YOUR INSTRUCTIONS =
Your answer should be the lines from the one with "唐嫣身穿復古紅色風衣,明艷動人。" to the end of the data below, both included, exact and free of pictures.

:: EXTRACTED ENTRIES

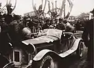 The first race started on 26 March 1927 with seventy-seven starters[4]—all Italian—of which fifty-one reached the finishing post at Brescia by the end of the race.[4] The first Mille Miglia covered 1,618 km, corresponding to just over 1,005 modern miles.[4] Entry was strictly restricted to unmodified production cars, and the entrance fee was set at a nominal 1 lira.[4] The winner, Giuseppe Morandi,[4] completed the course in just under 21 hours 5 minutes, averaging nearly 78 km/h (48 mph) in his 2-litre OM;[4] Brescia based OM swept the top three places.
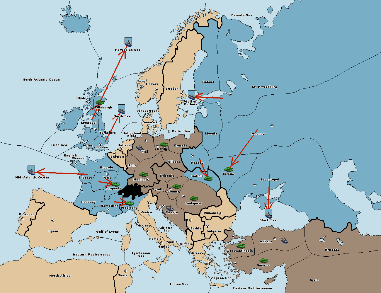 The fleet at St. Petersburg (South Coast) move to Gulf of Bothnia.
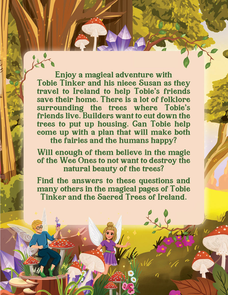 Join me on an amazing trip to Ireland. My niece Susan will be joining me as we visit my friends Devin and Maureen. They need my help to save their homes from the destruction of some builders who want to destroy the magic of the trees that they live in. While in Ireland, I’ll also visit some of its amazing sights and do my best to help my friends. Ireland is a long way from Fairy Land but with a little magic, I can easily travel anywhere in the world. Read all about it in Teelie Turner’s amazing tale Tobie Tinker and the Sacred Trees of Ireland.
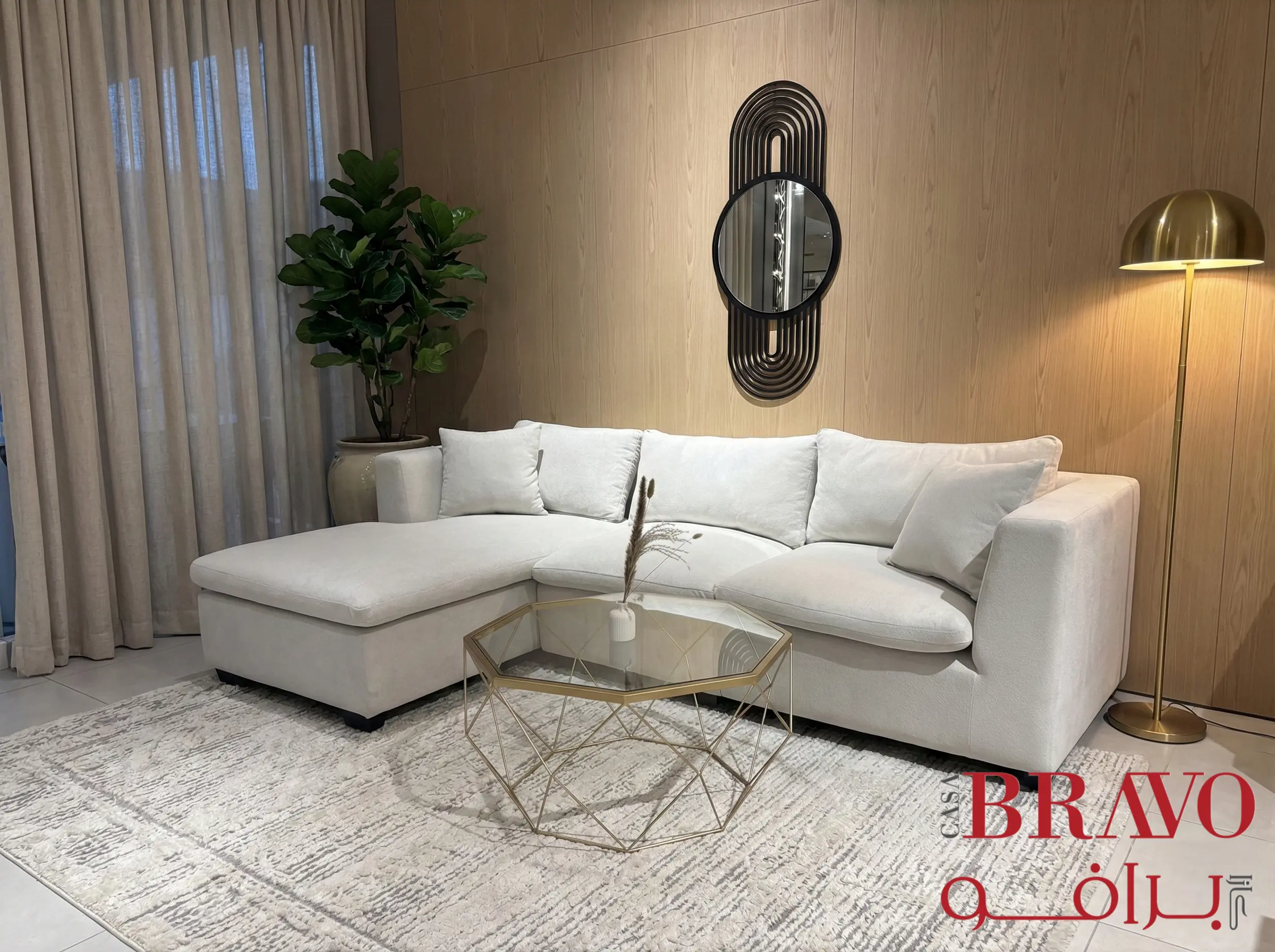 Enhance your living space with this fabric corner sofa that perfectly blends comfort, style, and durability. Built on a sturdy wooden frame, it offers lasting support and stability, while the clean, minimalistic design with a modern touch makes it a versatile addition to any décor. The sleek metal legs lend a contemporary edge and make it easy to style with different interiors. Designed for relaxation, it features fixed seating and back cushions with deep seating and a high back, providing ample comfort for lounging or unwinding after a long day.
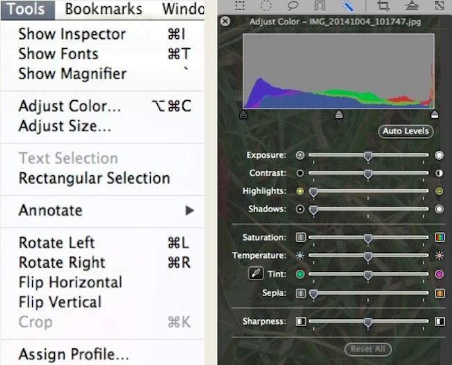 Click on TOOLS in the menu bar to access the drop-down; scroll down to “ANNOTATE” and then “TEXT” to make a text box appear on your image (drop down box shown below on left). TOOLS also allow adjustments to image color, size, rotation and selection of font and size (tools shown below on right).
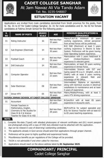 Cadet College Sanghar Sindh Jobs 2025 announce the Contract career opportunities for the post of See Below Ad in Sindh, Sanghar for the fresh and experienced candidates on Contract basis who have Check Advertisement degree. Posted date of this post is 24/08/2025 and the last date is 01/09/2025. if you are eligible for this job apply before due date.
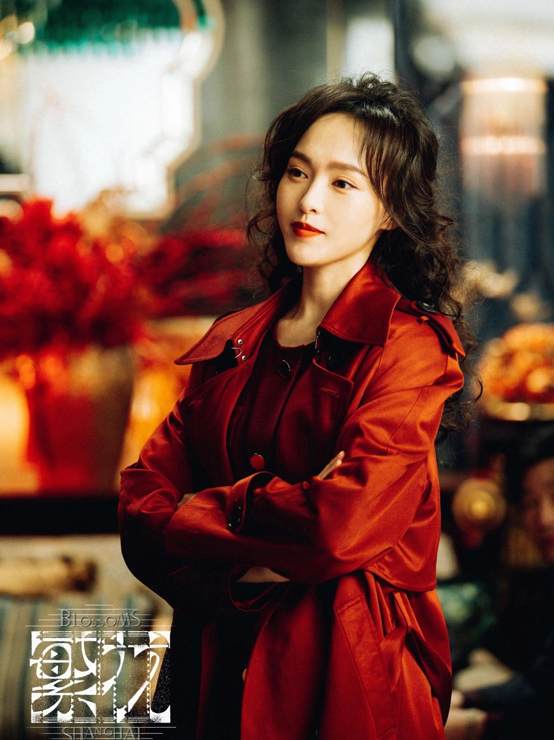 唐嫣身穿復古紅色風衣,明艷動人。
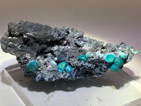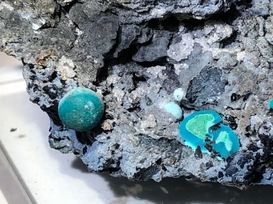 クリソコラは、銅鉱床の酸化帯で、アジュライトやマラカイト、ヘマタイト等とともに産出します。
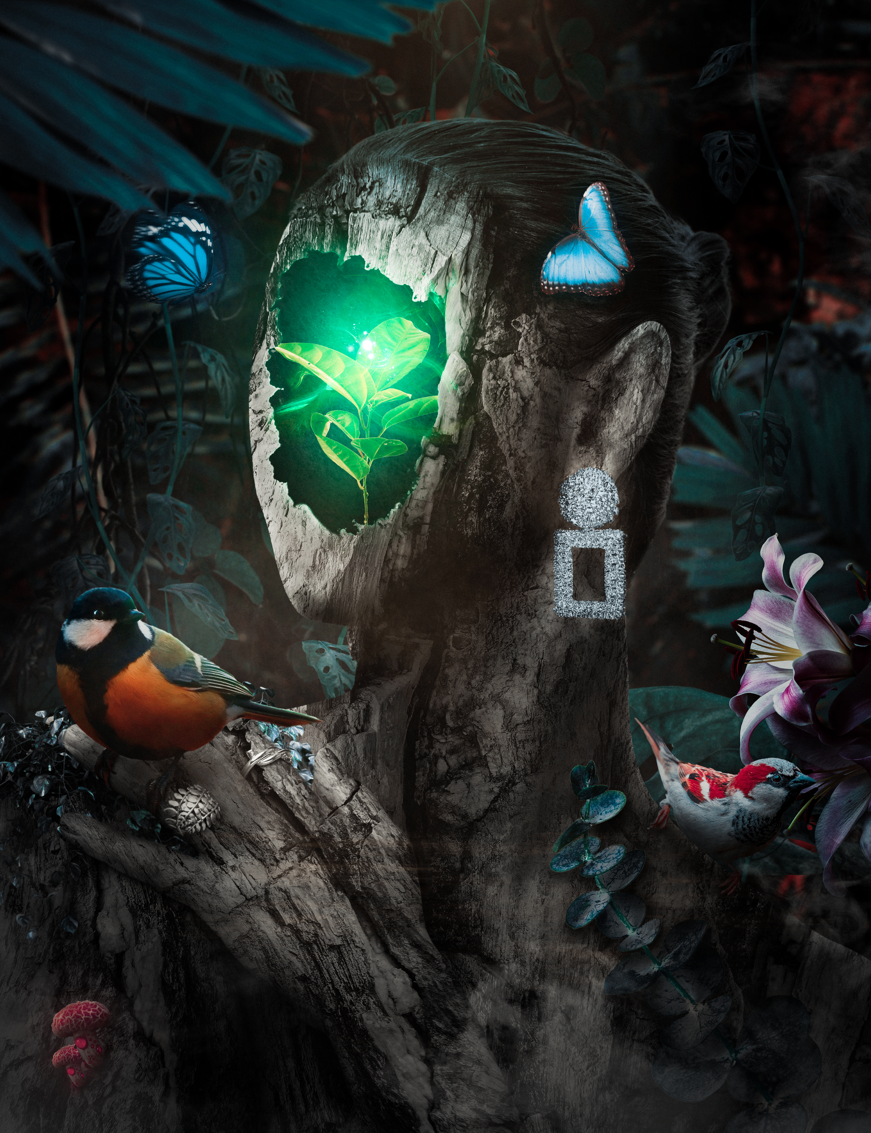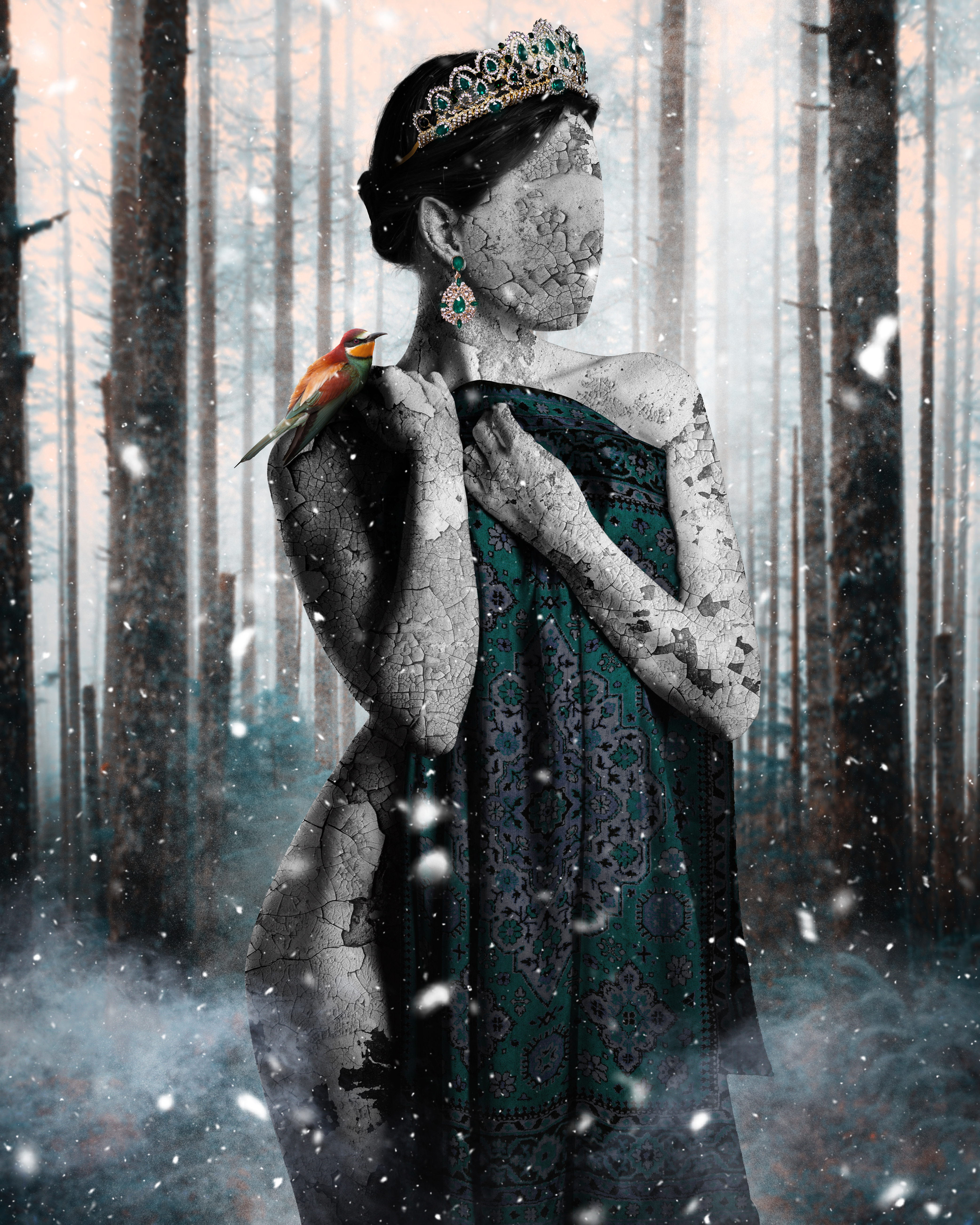 Snowflakes enter to the depth of the jungle slowly. A soothing cold can be felt. Peace in the cold of her existence can be felt from her cracked skin indee

::::

ANSWER TO THE PROBLEM =
 唐嫣身穿復古紅色風衣,明艷動人。
 クリソコラは、銅鉱床の酸化帯で、アジュライトやマラカイト、ヘマタイト等とともに産出します。
 Snowflakes enter to the depth of the jungle slowly. A soothing cold can be felt. Peace in the cold of her existence can be felt from her cracked skin indee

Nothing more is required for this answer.